Based on a manifesto believed to belong to the man police identified as the gunman, the Buffalo mass shooting was partly inspired by the 2019 Christchurch mass shooting in New Zealand, among other recent atrocities. The Christchurch killings were infamously broadcast for an extended period on Facebook Live. In his purported manifesto, the Buffalo gunman wrote that he was partly motivated by livestreaming. “I know that some people will be cheering for me.”

Social media platforms have a long history of inconsistent and bungled moderation, but livestreamed footage has to originate somewhere. In Twitch’s case, it is extremely easy to set up a new account and begin broadcasting immediately. All you need is an email address. “Go live in five,” the mobile app advertises. It takes less than a minute to create a new account and begin livestreaming from your phone. There are obvious benefits to this sort of democratization of content sharing. It also makes places like Twitch and Facebook Live uniquely susceptible to amplifying despicable acts.

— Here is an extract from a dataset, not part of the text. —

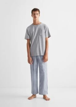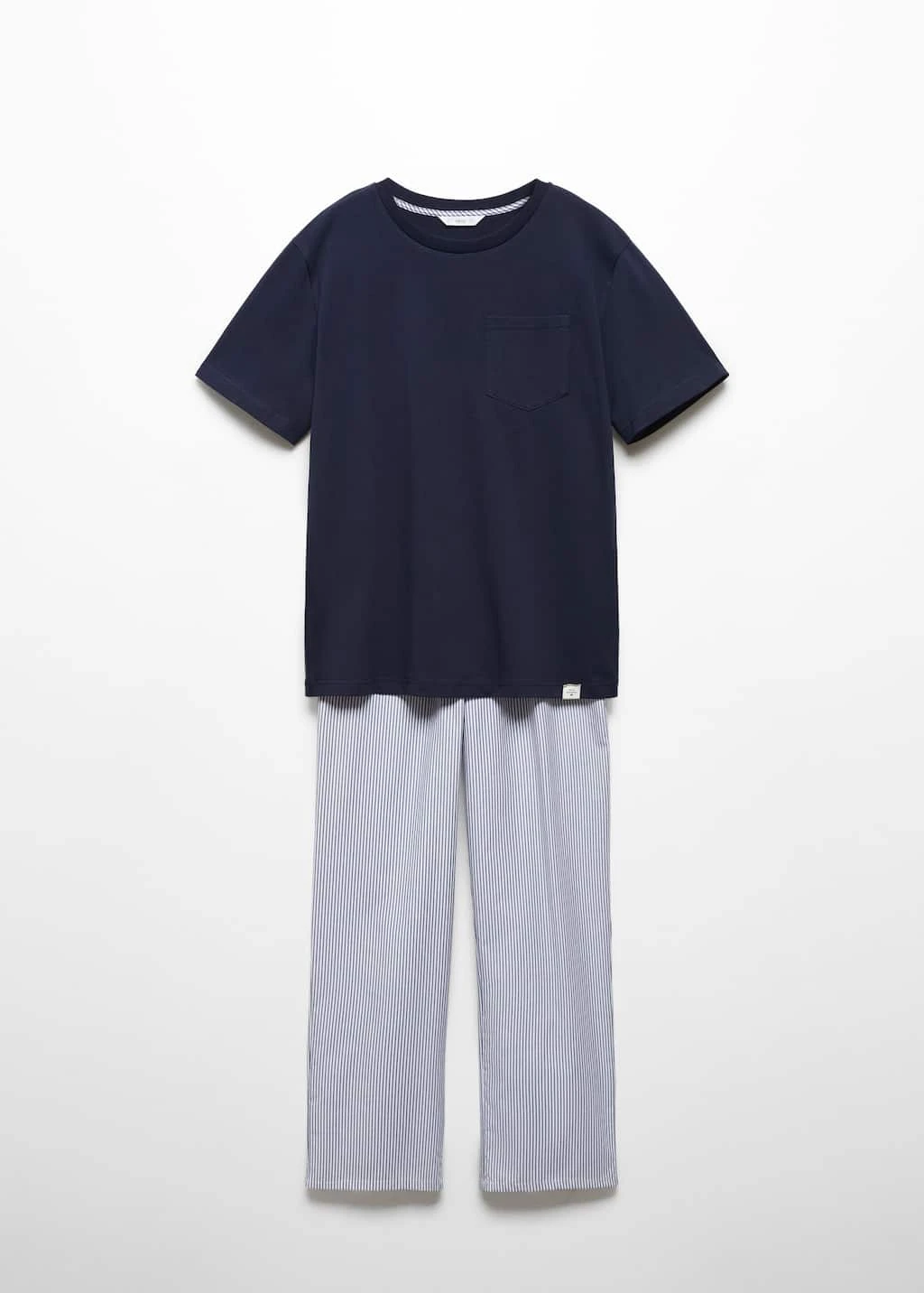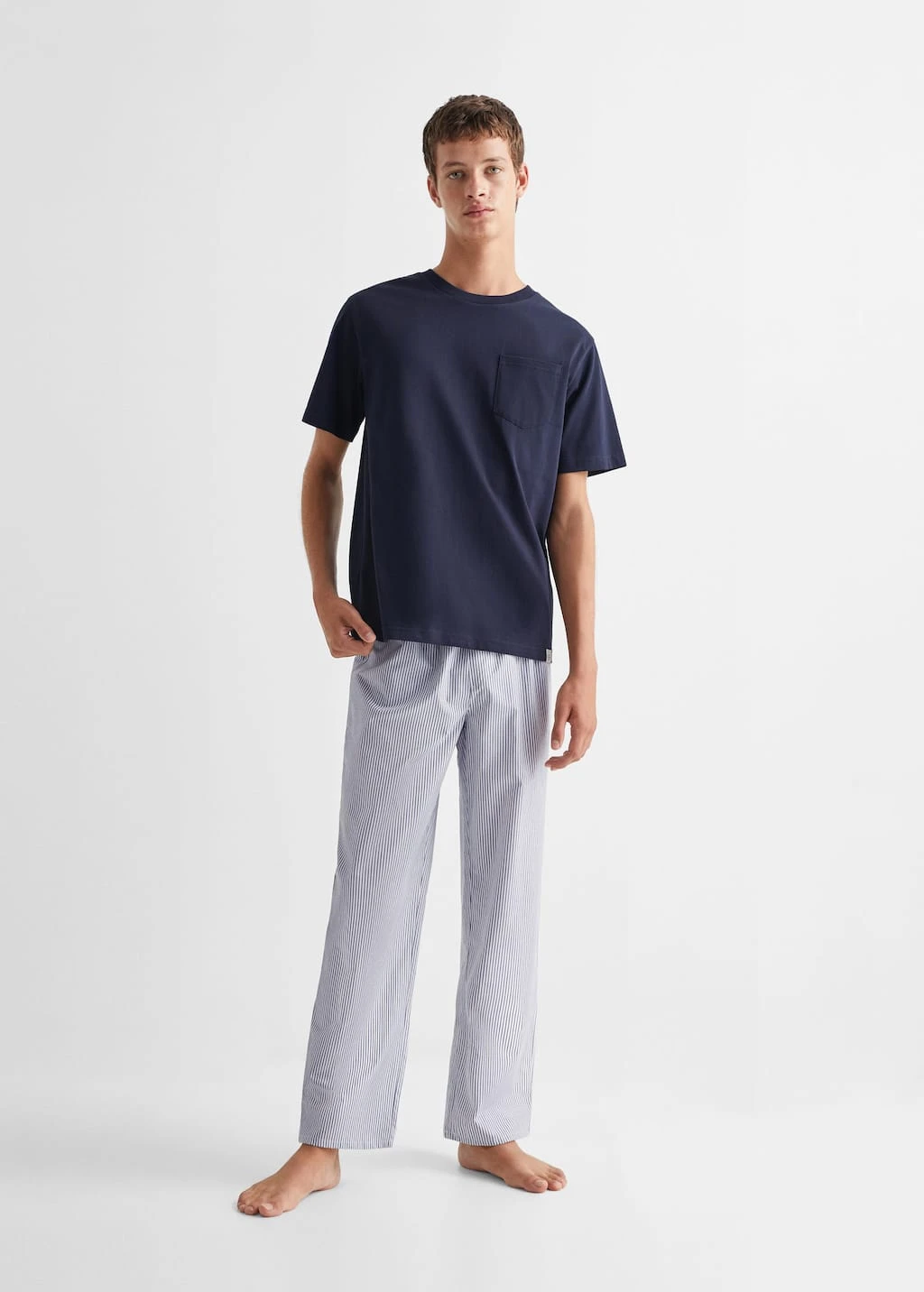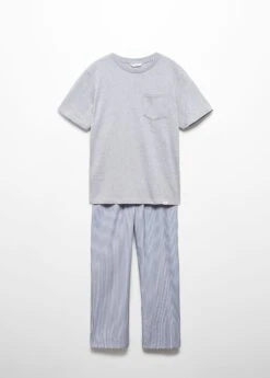 pack t-shirt et pantalon de pyjama, 100 % coton, imprime rayures, coupe droite, coupe longue, col rond, poche sur la poitrine, manches longuesComposition: 100% coton. Pantalon: 60% coton,40% polyester

In the wake of this latest attack, politicians like New York’s Governor, Kathy Hochul, are already calling for more scrutiny of tech platforms when it comes to hate speech and other harmful content. “I want them to sit in the room, look me in the eye and tell me, too, have you done everything humanly possible to make sure that you’re monitoring this content the second it hits your platform?” Hochul said in a press conference Sunday. “If you’re not, then I’m going to hold you responsible. So, prove to me that there is nothing else that can be done.”